New Zealand conservationist and activist (1910–1994)

Kae Miller (also known as Kae Hursthouse, 30 December 1910 – 19 June 1994) was a New Zealand conservationist, mental health activist, and cooperative housing advocate. She grew up in the Wellington area, attending local schools. At the age of thirteen, she went abroad to study and attended a private girls' school in Hertfordshire, England. Returning to New Zealand, she earned a Bachelor of Science in 1932 from Victoria College and the following year completed a master's degree with honours from Massey College. Returning to England, Hursthouse obtained a teaching certificate with an emphasis on child psychology at the Institute of Education in London. After a brief marriage in 1936, she spent almost two years travelling, before returning to England to engage in support work during World War II. Having become a committed pacifist, between 1939 and 1942 she worked with a group to rescue Jews from Germany and served as a nurse's aid in the Civil Nursing Reserve and at two hospitals.

Returning to New Zealand in 1942, Miller worked at the Anglican Boys Home in Lower Hutt, worked as a child welfare officer, and ran a home for maladjusted children. She also gave radio lectures about child welfare. Back in England, from 1947 she spent several years working in children's homes until she again moved back to New Zealand in the early 1950s. Concerned for the well-being of people who struggled with mental illness, she created the Box Trust for Mental Health in 1969. Miller initiated a recycling scheme at the Porirua tip (or landfill) in 1977. She attempted to create an eco-friendly cooperative housing project on land she owned. Unable to secure approval from the Wellington City Council, in 1980 she changed her plans and founded the View Road Park Project Society. Through her efforts, the View Road Park and Reserve (Te Rae Kaihau Park) was developed to conserve the natural environment. The Alice Krebs Lodge was opened both as accommodation for caretakers managing the park and as a spiritual retreat.

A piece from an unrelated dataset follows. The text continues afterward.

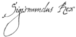 În latină: Sigismundus Tertius Dei gratia rex Poloniæ, magnus dux Lithuaniæ, Russiæ, Prussiæ, Masoviæ, Samogitiæ, Livoniæque, necnon Suecorum, Gothorum Vandalorumque hæreditarius rex.

==Early life and education==
Katrine Fearon Hursthouse, known as "Kae", was born on 30 December 1910 in Wellington, New Zealand, to Rhoda (née Buchanan) and William Richmond Hursthouse. Her father was a dentist, but had recurring clinical depression. He studied dental surgery in England and then had a private practice in Wellington. Her maternal grandparents were Elizabeth (née Saunders), daughter of Alfred Saunders, a member of New Zealand's Parliament and supporter of women's suffrage, and J. E. Buchanan. Her paternal grandparents were Mary Fearon and Richmond Hursthouse, also at one time a member of parliament. She was raised with her younger sister Mary and a brother, William. In 1919, at the conclusion of her father's World War I service in the Royal New Zealand Dental Corps, the family joined him in Egypt for several months before going to England. After he spent a year completing dentistry studies at Guy's Hospital, they returned to New Zealand in August 1920. Hursthouse attended Samuel Marsden Collegiate School and then in 1923 went abroad with her mother, sister, and brother. Mary and William studied at a local lyceum in Paris for two years, while their mother studied languages at the Sorbonne. Kae enrolled at Abbot's Hill School in Hertfordshire, England, a girls' boarding school founded and headed by her godmother Katrine Baird.

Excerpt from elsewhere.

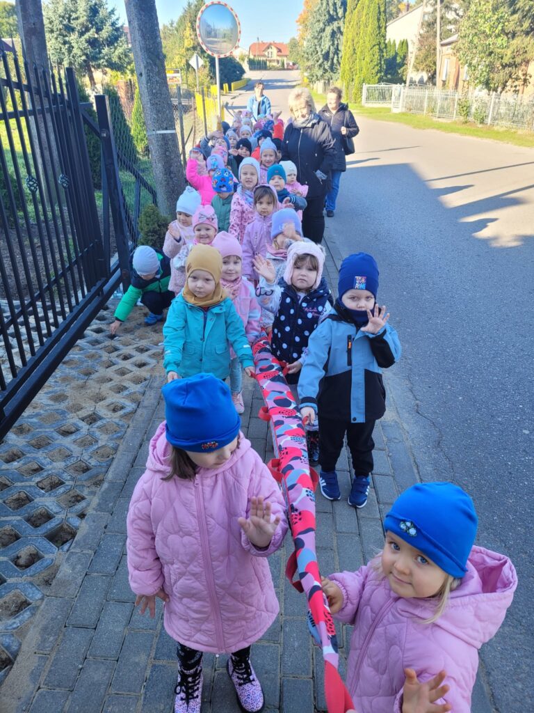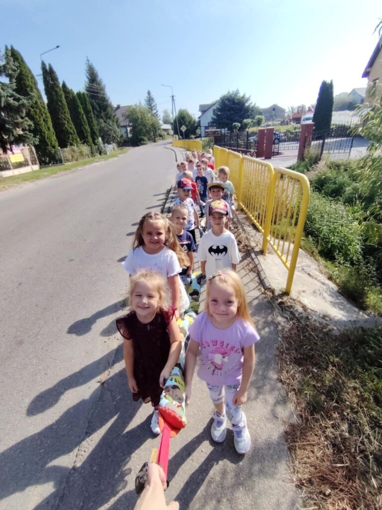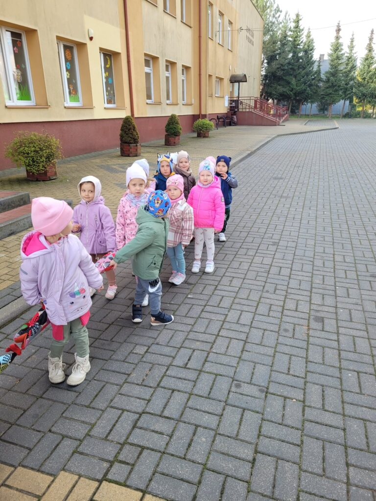 Najmłodsza grupa „ Motylki ” i dzieci z grupy „ Sówki ” wybrały się wspólnie na jesienny spacer ulicami Przesmyk. Dzieci z ciekawością obserwowały zmieniającą się przyrodę – spadające liście i jesienne kolory drzew. Zatrzymały się również w parku przy kościele, gdzie mogły chwilę odpocząć i porozmawiać o oznakach jesieni. Spacer był pełen radości i wspólnych rozmów. Przedszkolaki wróciły do przedszkola z uśmiechem na twarzach i głowami pełnymi wrażeń.

In 1928, Hursthouse returned from England to New Zealand in September. She was severely injured in an accident in November, when the car she was riding in was struck by a train. She began studying botany and zoology at Victoria University of Wellington, and graduated in 1932 with a Bachelor of Science. Hursthouse then completed a master's degree with honours in 1933 from Massey College. She was back in England in 1934, studying for a teaching certificate and attending lectures on child psychology at the Institute of Education in London. In 1935, she participated in Empire Day celebrations by giving a talk on the League of Nations in Ealing at the junior branch of the League's Union. In the spring of 1936 in Wellington, she married Alexander "Lex" Miller, a Scottish, Presbyterian minister living in Auckland, who was the general secretary of the New Zealand Student Christian Movement. They separated soon after an August trip that year to San Francisco, California, as delegates for New Zealand to the World Student Christian Federation.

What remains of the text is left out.